I am a new SAS user, and I apologize if this question has been asked before but I couldn't find any information on this in the forums. What I am trying to do is import an Excel Sheet that will have a table with customer information on them. I would then like to get all the possible combinations of customers that are possible within the parameters. For example, if I wanted to get all possible combinations of cumstomers that, when added together, don't surpass the $40,000 loss mark, how would I get the combinations of the following:

 

C1     $20,000       MA        Male    

C2     $5,000         NH      Female    

C3     $23,000       ME       Male    

C4     $12000         RI      Male    

C5     $1,500         MA        Female    

 

Is it possible to get all the combinations of customers where row 2 <= $40,000? Also, if in the future I would want to use other parameters like years of age, how would I be able to include that in my model?

 

Thank you,

 

Nimer

 

10 REPLIES 10
ballardw
Super User

Before going into actually generating combinations it may be time to ask HOW the result will be used?

 

Second is how many (assumed ) unique customers are there ? Note that very moderate numbers of customers lead t

 

Can you provide a little more input data and what you would expect for the output? This may be in perview of SAS/IML.

nabudayeh
Calcite | Level 5

We are trying to group these customers in "batches", so I am just trying to see how many combinations there are, and then optimize the combinations by using different parameters for the data (age, state, etc). I guess it is comparable to an optimal lineup in Draftkings. Once you have all the possible combinations of players that dont exceed the salary given, then you would rank the other fields on importance level to attempt to find your "optimal lineup" (sorry for the unnecessary Draftkings reference haha).

 

So at the end of the day, my output would a list of all possible combination of customer names given that column B does not exceed a total number. Then hopefully after that I can look at the other fields and find the most ideal method of batching.

 

Hope this provides a bit more insight on what I am trying to accomplish.

ballardw
Super User

How many customers are you concerned with? 10, 100, 1000 10000 or more? If you are considering combinations of 5 customers from 100 you start with 75,287,520 combinations to calculate totals for. If you have 1000 customers then you are looking at 8.25E12 combinations. And since you would be looking a combinations of 2, 3, 4, and possibly more than 5 then you would be looking at multiple passes of similar magnitude through your data. Might take awhile. There maybe some help in the SAS/OR module but I don't have access to that.

 

It sounds like you may be looking to do some sort of cluster assignment, i.e. group by similar characteristics. Proc Fastclus might give you a better start if that is what you are doing.

nabudayeh
Calcite | Level 5

Id say there will probably be around 150 customers. I was trying to do it in Excel with a sample of the data but unfortunately it was too much data to crunch. Ideally all I would need is to calculate all the possibel combinations on column A and then I would include some If Statements in my analysis to find the optimal solution. I was told I would be able to do this in SAS, so sorry if I made it seem like there were 1000s of customers.

ballardw
Super User

The issue is really how many records to you want to process? Excel would fail pretty early as it will not support the number of rows or columns you were attempting to deal with as mentioned above.

 

SAS can do it but your basic approach is going to generate files that take up Gbytes of space and probably require passes through the data that will be likley be measured in closer to hours than in minutes.

 

You say that you are "trying to group these customers in batches". Do you mean that the customers are similar? Then looking at clustering procedures might be more effecient.

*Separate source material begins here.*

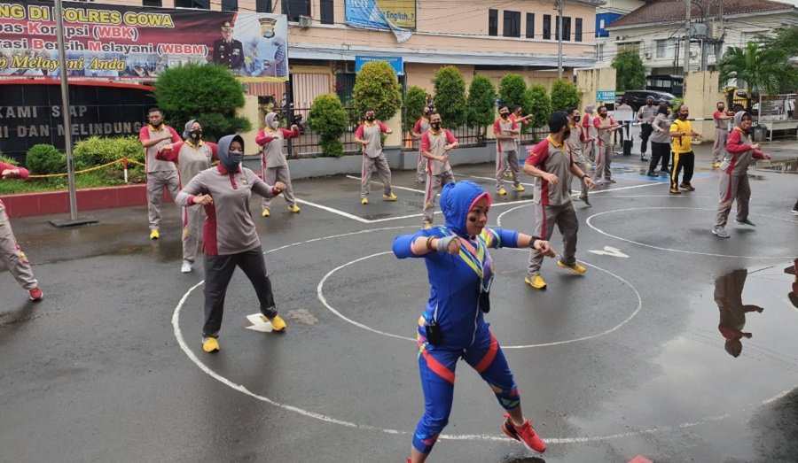 Kegiatan olahraga senam bersama dipimpin oleh Kabag Sumda Polres Gowa Kompol Erra Suryanigtyastuti dan diikuti personel Polres Gowa dengan mendatangkan instruktur senam, kegiatan Jumat Sehat berlangsung dengan penuh semangat dihalaman Mapolres Gowa, Jumat (08/04).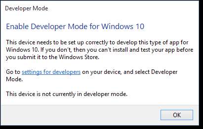 Ma se selezioni "Modalità sviluppatore", puoi installare app UWP dall'esterno di Windows Store, anche se non sono firmate. Questa è un'opzione cruciale per gli sviluppatori di app UWP, che vorranno testare le proprie app sui propri PC durante lo sviluppo. Questa opzione sostituisce la necessità di un file "Licenza sviluppatore" su Windows 8.1 .

Or just looking at the value and partitioning on a single value. I am not sure why you would want to create a group based on a sum of a variable. Supposed I have one customer with a value of $100000 and 20 customers with a value of $5000. I am not sure what I would gain by treating the two as "groups". Something like this:

Proc Rank data=have out=want groups=10;

   var value;

   ranks valuerank;

run;

will assign a group value of 0 to 9 in the valuerank variable and each group will contain about 10% of the records.

 

 

If you want to create an arbitrary number of groups based on the range of values of a single variable look at Proc Rank with the groups option.

 

Here's an idea: Take a subset of 10 records and show us what you think you want for those 10 records and some idea of what you will do next

nabudayeh
Calcite | Level 5

I will give you an example based on what I am trying to model the my project as, using fantasy football as my example because I think I would be able to explain it better (Sorry if this is not what you were expecting as an example).

 

So in fantasy football you have $50,000 salary cap every week, you have to choose 7 players and each player is assigned a salary based on how he is projected to perform during the week. So the first step would be figure out the combination of players for each position that would reach to that $50,000 salary cap or under. Obviously I only want to choose 1 or 2 optimal lineups, but I my output is giving me thousands of rows as an output, so there is where I can start filtering my other rows as input. I could decide I want to filter by the highest total aggreggate fantasy points from last week, or filter out by the opponent they are playing next week. So that would reduce my total number of combinations from thousands to maybe hundreds. And then just keep applying filters on the data to try to reach my "optimal lineup" i guess. So I guess the first step would be having a formula that would create all those possible lineups that are <= $50,000 on salary.

ballardw
Super User

I suggest at this point either investing in SAS/OR, which I believe has some tools for this sort of optimization or make sure you have lots of Gbyte of data storage and prepare to wait hours at each step of the process.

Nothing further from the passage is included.